= Dafydd Rhys ap Thomas =

Welsh Old Testament scholar

Dafydd Rhys ap Thomas (2 May 1912 – 19 May 2011) was a Welsh theologian, specialising in Old Testament studies.

==Early life and education==
Thomas was born in Menai Bridge, Anglesey on 2 May 1912. His family included his parents, Jeanette and Rev. W. Keinion Thomas, and siblings Gwyn, Alon, Iwan, Jac, and Truda. He attended Beaumaris Grammar School after having been home-schooled. He studied Semitic and Hebrew Languages in Bangor and graduated with honours from the University College of North Wales in 1934. He then studied at Mansfield College, Oxford. He obtained an M.A. degree in theology from Oxford and a B.D. (bachelor of divinity) degree from the University of London. He then travelled to Berlin in 1937, where he had planned to complete his doctoral dissertation. At that time, though, the political climate and the threat of war in Nazi Germany made the situation untenable.

==Career==
He became a lecturer in Hebrew at the University College, Bangor in 1938, and was later appointed as a senior lecturer. During that time, he was at Toronto University as a visiting lecturer on occasion. For one year, he worked in the Holy Land at an archaeological site. Thomas retired in 1977.

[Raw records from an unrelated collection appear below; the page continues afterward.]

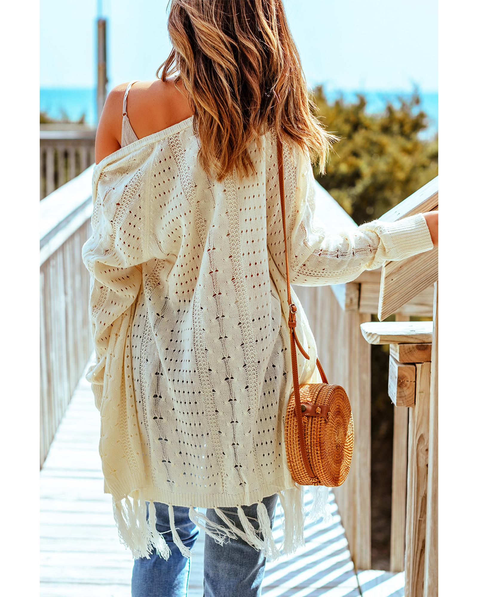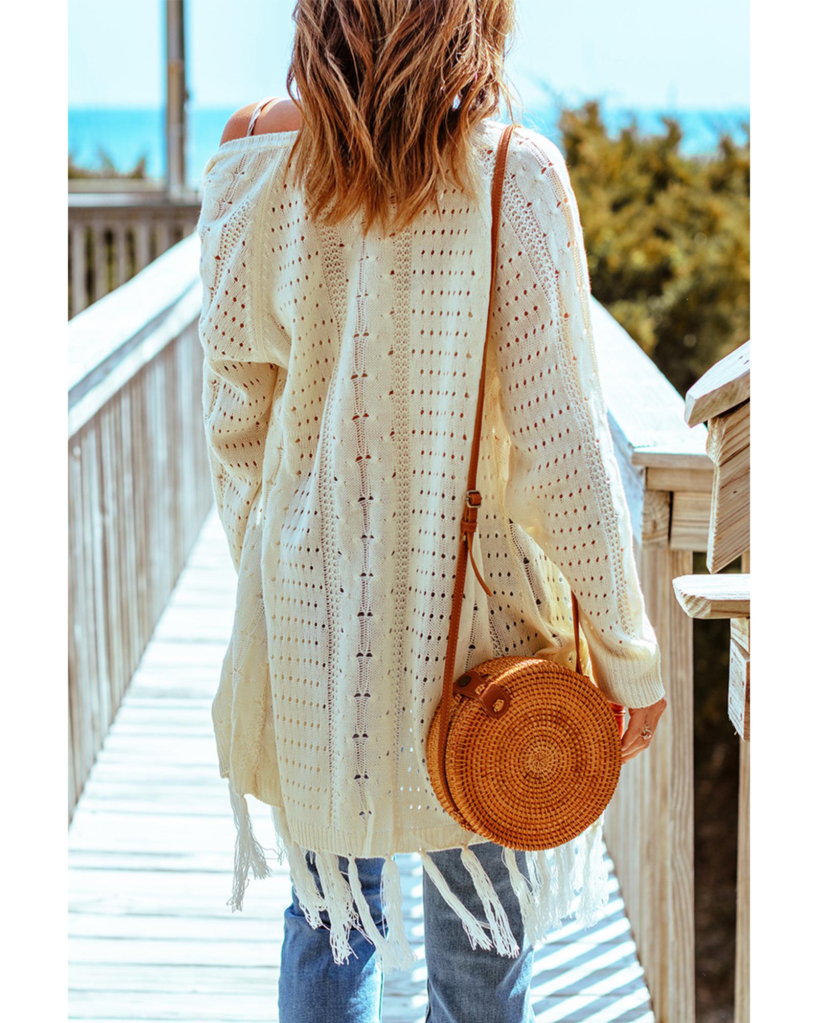 Beige Tasseled Hollow-out Cable Knit Cardigan - One Size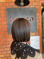 カットは襟足ギリギリのミニボブです。ラインは切りっぱなしで毛量調整をしてあります。カラーは、ブリーチなしでのカラーで最大限に明るくハイライトを入れ、ベースは6トーンのアッシュ系を入れました。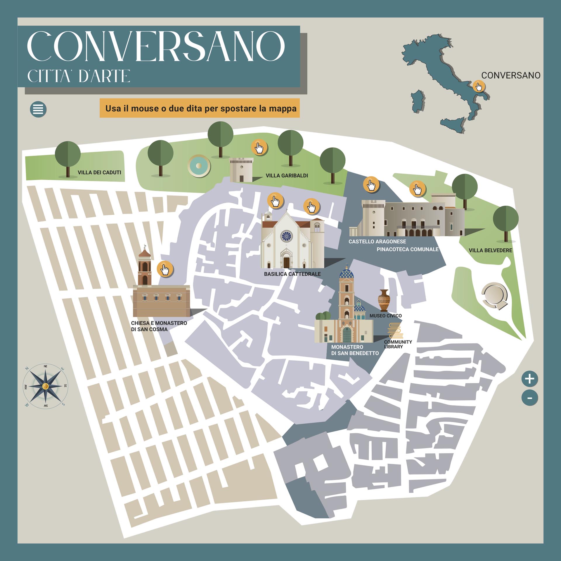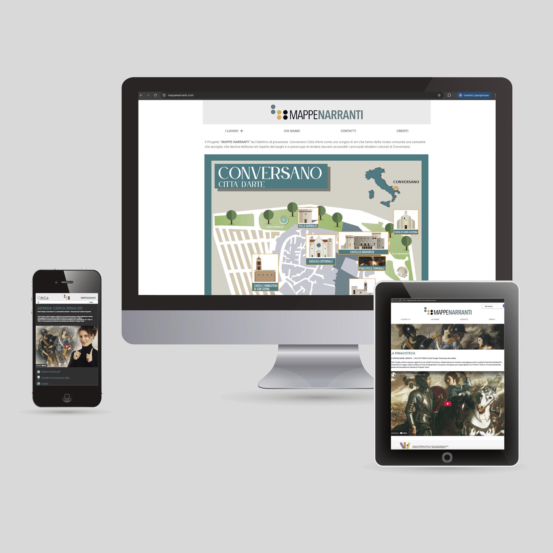 Progetto per la mappatura di punti di interesse nel Centro storico di Conversano, elaborazione di schede tematiche che illustrano le caratteristiche storico-architettoniche dei monumenti e luoghi di cultura. Le schede sono state inserite su sito web dedicato e, attraverso QR-Code apposti su totem dinanzi ad ogni punto di interesse, è possibile consultarne le relative mappe narranti.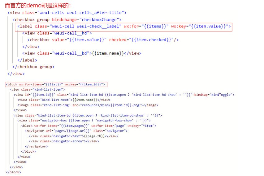 <viewwx:for="{{array}}"wx:key="someProp">但是官方提供的小程序demo程序里面的源码却是这样用的![]()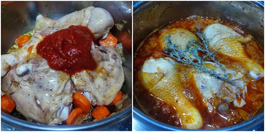 Añadimos el tomate, mezclamos todo bien y vertemos la cerveza y el tomillo. Cocinamos a fuego medio unos 30-40 minutos, hasta que el pollo esté hecho y la salsa haya reducido.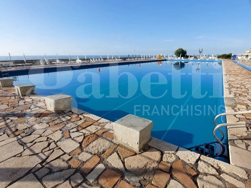 Una scala conduce direttamente all'area solarium, alla piscina e al mare. A disposizione una piscina olimpionica con acqua di mare e due vasche ideali per i più piccoli.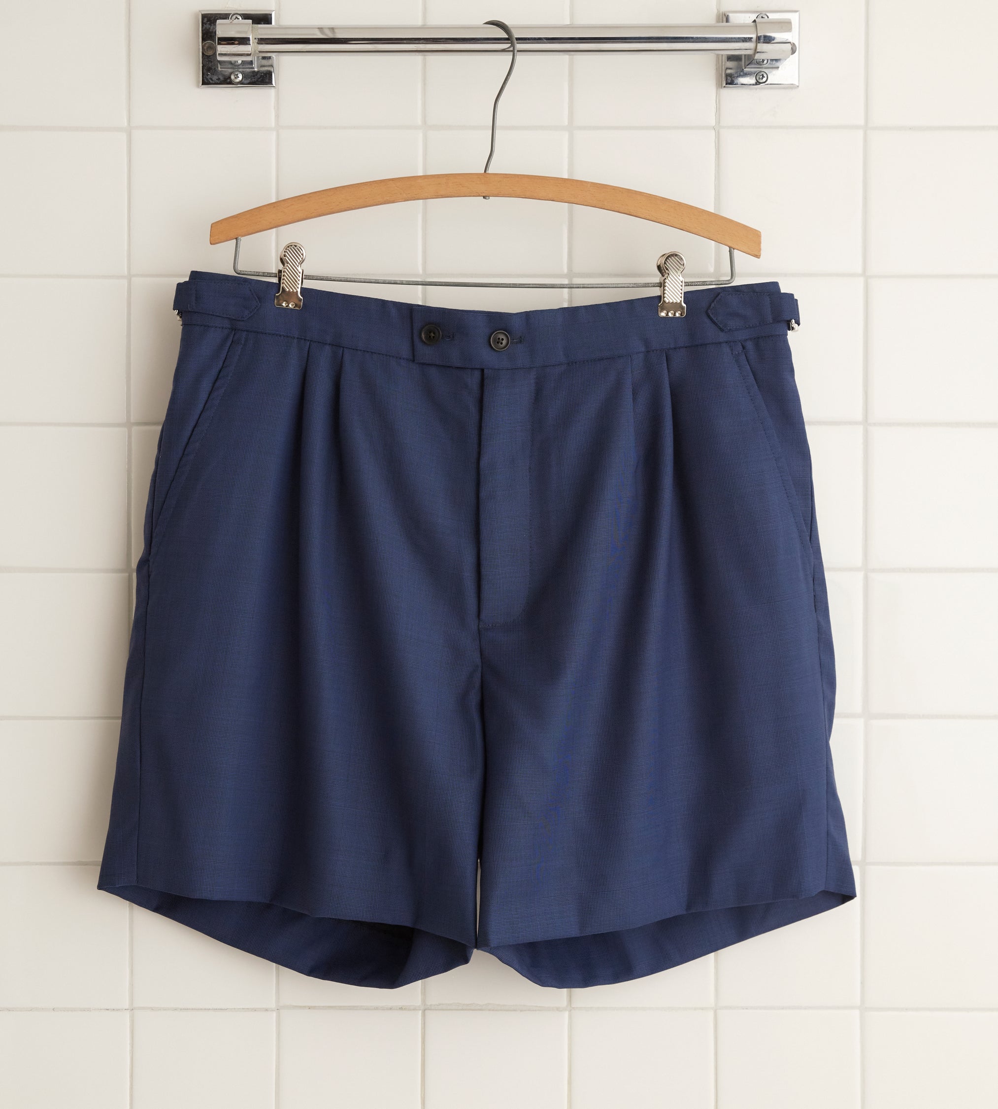 BODE Men’s One-of-a-kind Night Blue Wool Shorts – 34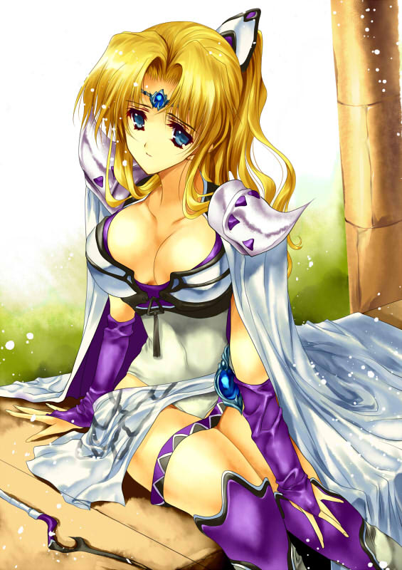 1990s (style)1girlarmorblonde hairblue eyesbootsbreastsbridal gauntletscapecircletcleavagecrownfemale focusfingerless glovesgloveslarge breastslegslong hairoutdoorsponytailsolothigh bootsthighhighsthighs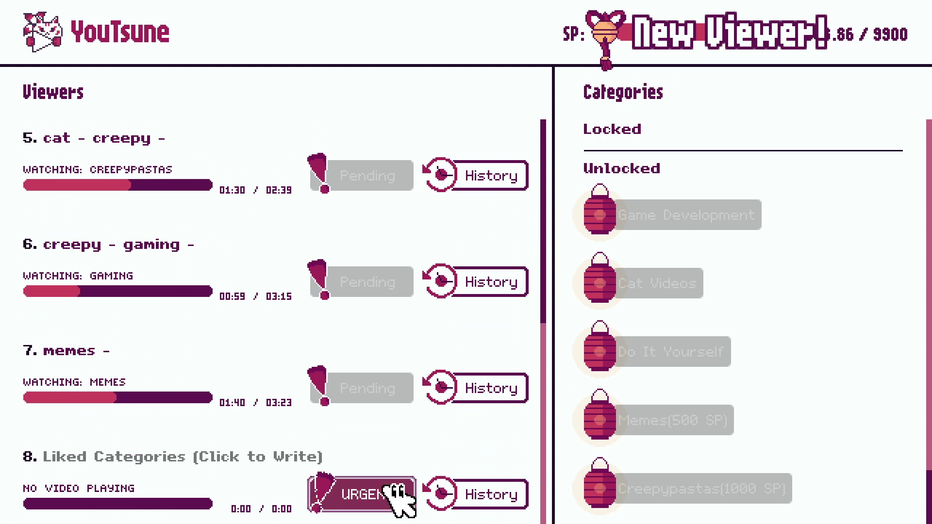 As the YouTsune Algorithm™, your goal is to keep your viewers in the loop by delivering them personalized videos. Dodge bullets, navigate through menus and manage your time!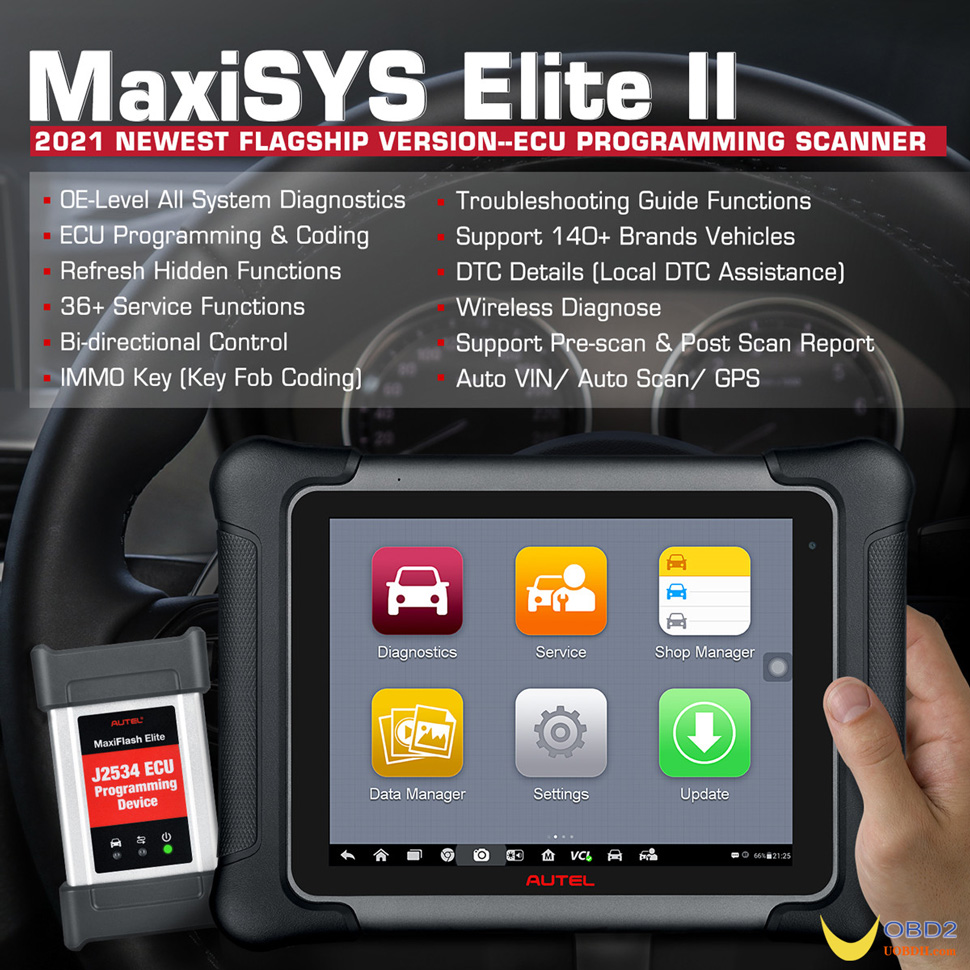 Autel Maxisys Elite II to najnowsza wersja serii Maxisys Elite, która ulepszona z Autel Maxisys Elite.Poprawia sprzęt i oprogramowanie, ten sam sprzęt co MS909, dodaje więcej funkcji rozszerzenia, zastępuje istniejące oprogramowanie/oprogramowanie firmware w jednostkach sterujących, programowanie nowych sterowników dla BMW i Benz, ADAS, oscyloskop, GPS, obsługa chmury MaxiFix itp.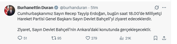 İletişim Başkanı Burhanettin Duran, sosyal medya hesabı üzerinden yaptığı paylaşımda Cumhurbaşkanı Recep Tayyip Erdoğan'ın bugün saat 18.00'de MHP Genel Başkanı Devlet Bahçeli'yi ziyaret edeceğini açıkladı. Yapılan paylaşımda görüşmenin Bahçeli’nin Ankara’daki evinde gerçekleşeceğini belirtildi.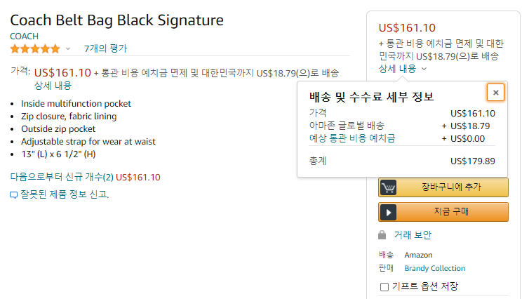 코치크로스백 벨트 백 블랙 시그니처(Coach Belt Bag Black Signature)는 아마존 사이트에서 161.1 달러에 판매하고 있으며 한국으로 직배송가능한 제품입니다. 추가비용으로는 국제배송비로 18.97달러이며, 200달러미만제품이라 예상 통관 비용 예치금은 없습니다.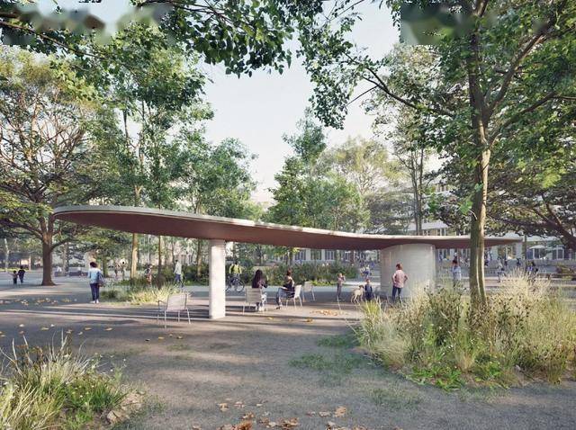 - 中央开放空地的多功能性:硬质铺装场地可快速转换为露天市集、艺术展览、国庆庆典或选举集会的舞台,地面未设置固定构筑物,保障使用灵活性。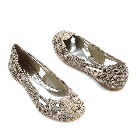 - "Gentle" genuine woven leather flat from BCBGirls. Thin slightly elasticized strap on inner side.

Thomas was an author, translator, and editor. He wrote A Primer of Old Testament Text Criticism – the first edition was published in 1947 and the second edition in 1961 – and was co-author with Gwilym H. Jones of Gramadeg Hebraeg y Beibl ("Grammar of Biblical Hebrew"), which was published in 1976. In 1962, his first edition of the translation of the two-volume Norwegian work The Psalms in Israel's Worship by Sigmund Mowinckel was published. He also translated works of Martin Noth and Otto Eissfeldt and helped translate the Old Testament for the New Welsh Bible. Between 1976 and 1990, the University of Wales Press published a series that he edited, Beibl a Chrefydd ("Bible and Worship").

He was secretary of Coleg Bala-Bangor, secretary and president of the Society for Old Testament Study, and president of the Union of Welsh Independents. Thomas was a lay minister and preacher at the Welsh Independents Hirael chapel in Bangor.

==Personal life==
In 1940, Thomas married Menna Davies, whose parents were Marianne and Rev. George Davies. They lived with their children, Marian and Keinion, in Menai Bridge and Bangor.

His wife died in August 2004. He died 19 May 2011. Her grave is in Blaenau Ffestiniog and his ashes are also buried there.